While Shell Eco-Marathon might be the most prominent component of the three-day event titled “Make the Future Singapore”, guests were also able to explore and experience a whole world of thought provoking ideas that could revolutionise the way we think about transportation.
Arriving at the venue on Thursday, March 16, one could find a number of activities going on in the main hall of the Changi Exhibition Centre. Odd-shaped vehicles worked hard on their test runs to prove that the team behind each had a winning formula in this global competition that challenges students to push the boundaries of energy efficiency.
Winning Formulas The Shell Eco-marathon Asia, held for the first time in Singapore, saw around 22,000 people gather for the event where students set a series of fuel-efficiency records. In the Prototype category, drivers squeezed into low-slung cars, lying on their backs to steer around the 1.19 km custom-built track that overlooked the South China Sea. In the UrbanConcept category, cars had more conventional designs.
In total, 123 teams competed from across the Asia-Pacific region. The competition culminated in the inaugural Drivers’ World Championship Asia – a specific contest to crown Asia’s most energy-efficient driver in the UrbanConcept category.
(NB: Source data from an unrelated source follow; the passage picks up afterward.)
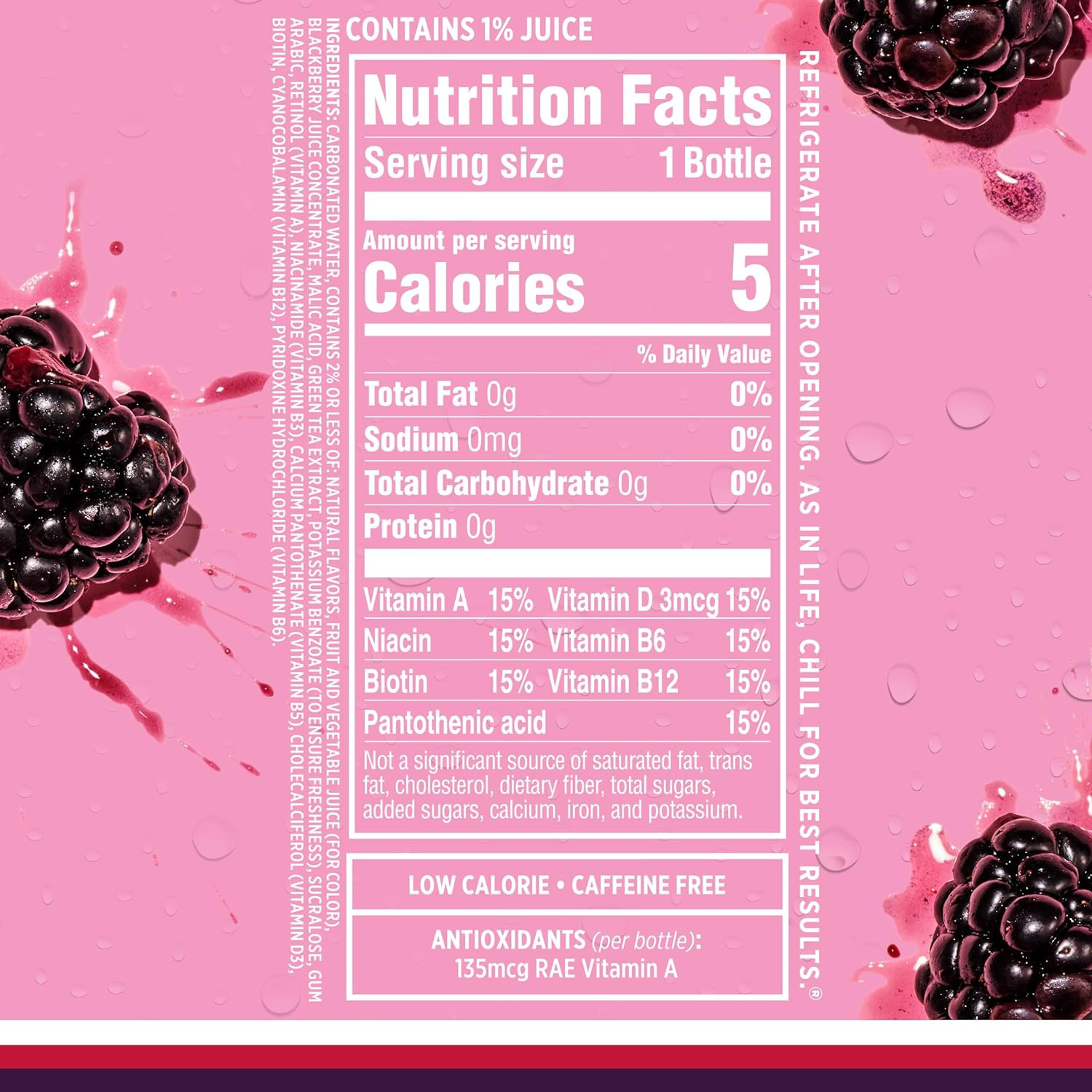 INGREDIENTS: CARBONATED WATER, NATURAL FLAVORS, MALIC ACID, VEGETABLE JUICE (FOR COLOR), BLACKBERRY JUICE CONCENTRATE, POTASSIUM BENZOATE (TO ENSURE FRESHNESS), SUCRALOSE, GUM ARABIC, GREEN TEA EXTRACT, RETINOL (VITAMIN A), NIACINAMIDE (VITAMIN B3), CALCIUM PANTOTHENATE (VITAMIN B5), CHOLECALCIFEROL (VITAMIN D3), BIOTIN, CYANOCOBALAMIN (VITAMIN B12), PYRIDOXINE HYDROCHLORIDE (VITAMIN B6)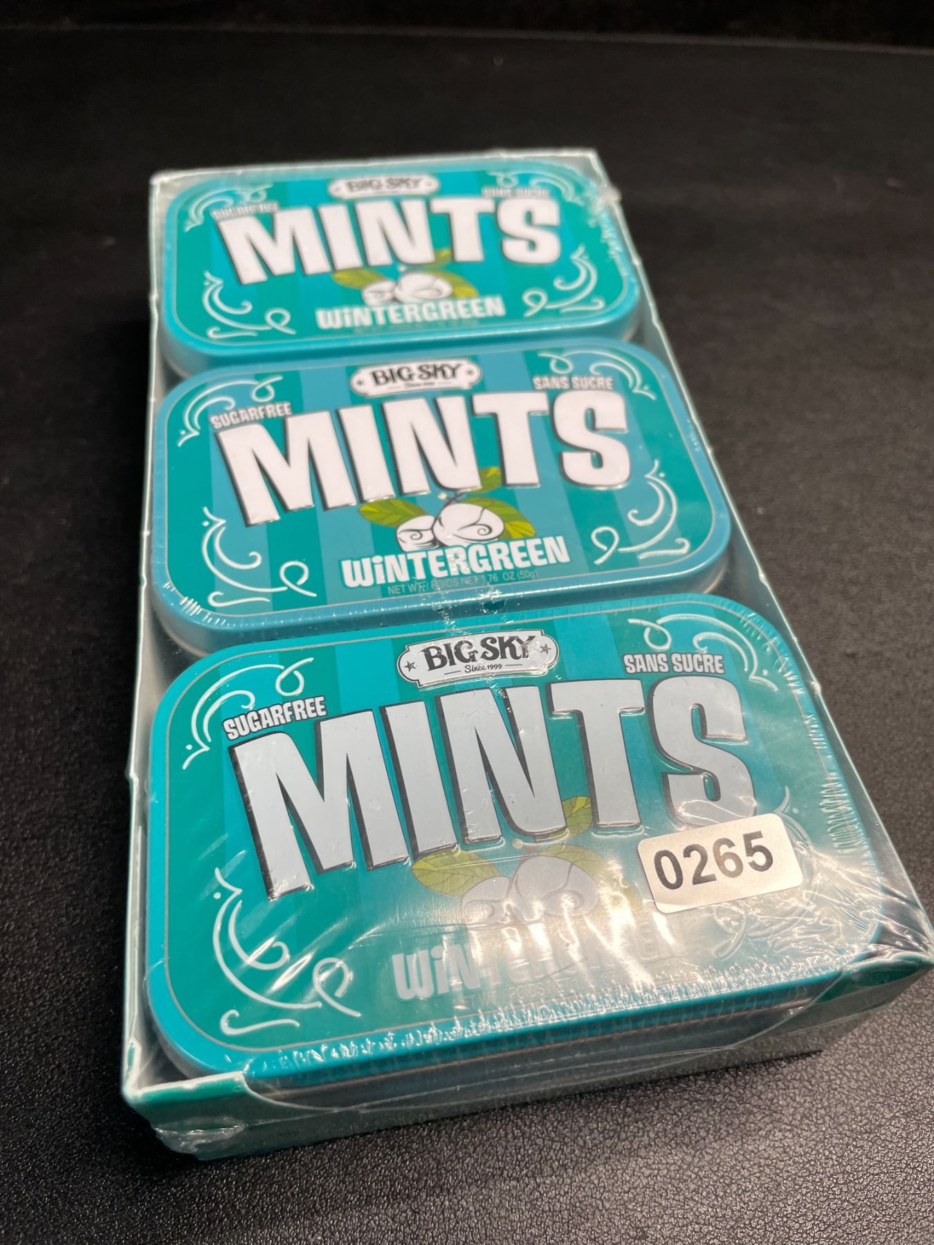 - Big Sky Sugar Free Wintergreen Mint Candy, 50g Tin - 6 Count Display Tray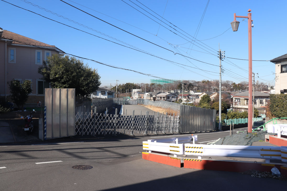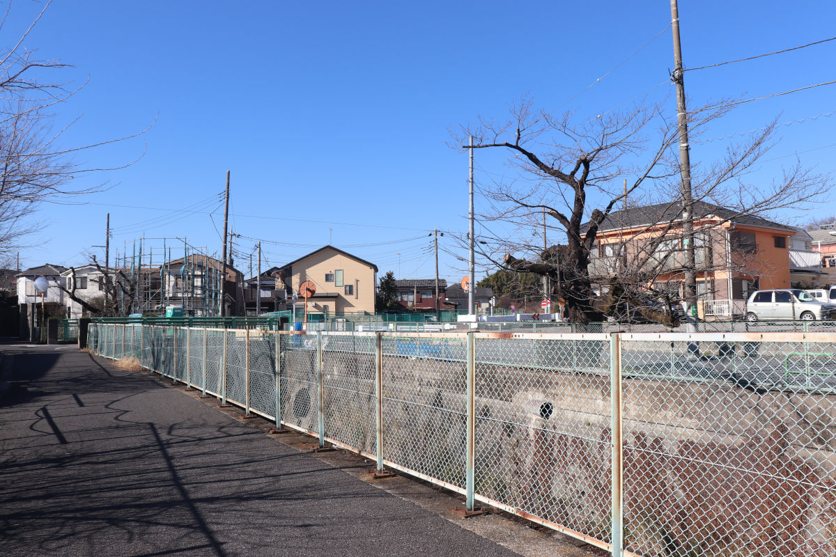 この先は白子川まで大部分が用地取得されていて、工事用車両が通行できるような形で、囲いで囲われています。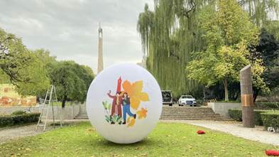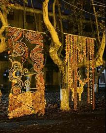 亮相于梧桐树上的两幅艺术贴画作品“星空·秋叶”“秋深·见鹿”是猫都论坛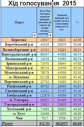 Перші підсумки виборів по Закарпаттю (ТАБЛИЦЯ)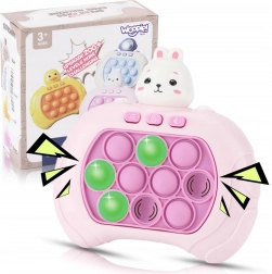 Interaktivna igra Pop It Zec je antistresna igračka prikladna već za najmlađu djecu. Igra ispušta vesele zvukove koji zabavljaju djecu i obogaćuju igru. Mala je i lako ju je ponijeti sa sobom. Pop It donosi radost djeci i odraslima koji je rado biraju. Razvija um, manualne vještine, koordinaciju oko-ruka i pomaže u borbi protiv stresa.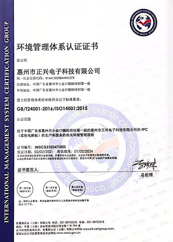 環(huán)境管理體系證書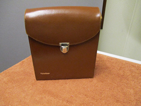 Originele Vintage lederen draagtas voor opberging van draagbaar dicteerapparaat,van het zéér bekende merk "Dictaphone International".Vermoedelijke periode +/-anno 1960-1965.Gezien zijn leeftijd,nog in mooie gebruikte staat met kleine gebruikssporen.Buitenkant is intact,enkel de velouren binnenbekleding draagt sporen van opberging.Voorzien van originele draagriem.Afmetingen:Breedte x Hoogte x Diepte = +/- 22 cm x 27 cm x 8 cm.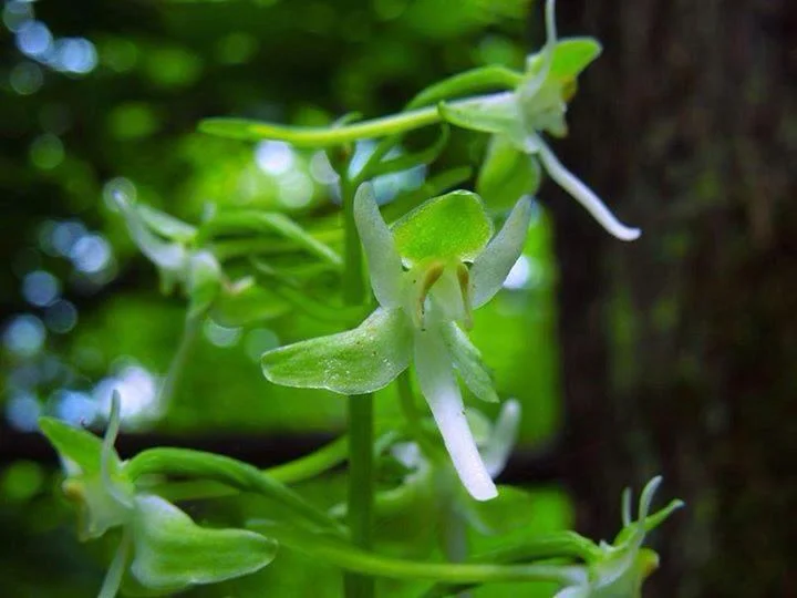 When conditions are right and the plants have enough stored energy they will begin to flower. Rising from the middle of the pair of leaves is a decent sized inflorescence loaded with greenish white flowers. The flowers are interesting structures. Not particularly colorful, they have a long white lip and considerable green nectar spurs. There are said to be two varieties of this species, each being characterized by the length of the nectar spur. Unlike many orchids that offer no reward to pollinators, P. orbiculata produces nectar. The flowers are pollinated by noctuid moths, which is probably why they are white in color. Whereas most lepidopteran pollinated orchid attach their pollinia to the proboscis of the butterfly or moth, P. orbiculata attaches its pollinia to the eyes of visiting moths.

De La Salle University (DLSU) from the Philippines beat five other Asia-Pacific teams to claim the title. They were followed by two Indonesian teams: Bengawan Team 2 from Sebelas Maret University, Surakarta, Central Java and ITS Team 2 from Institut Teknologi Sepuluh Nopember in Surabaya, East Java.
All three teams will fly to London in May for the Drivers’ World Championship Grand Final where they will compete with teams from Europe and the Americas. “I can’t believe it. None of us can,” DLSU driver Carlo Miguel Flores, 19, said. “This is just such an amazing achievement for all of us and we’ve worked so hard to get here.” Students from the University of Canterbury – the first team from New Zealand – competed with an electric vehicle. In the Prototype competition, Team Virgin from Sakonnakhon Technical College in Thailand beat a 2016 record with their result of 2,288 kilometres per litre.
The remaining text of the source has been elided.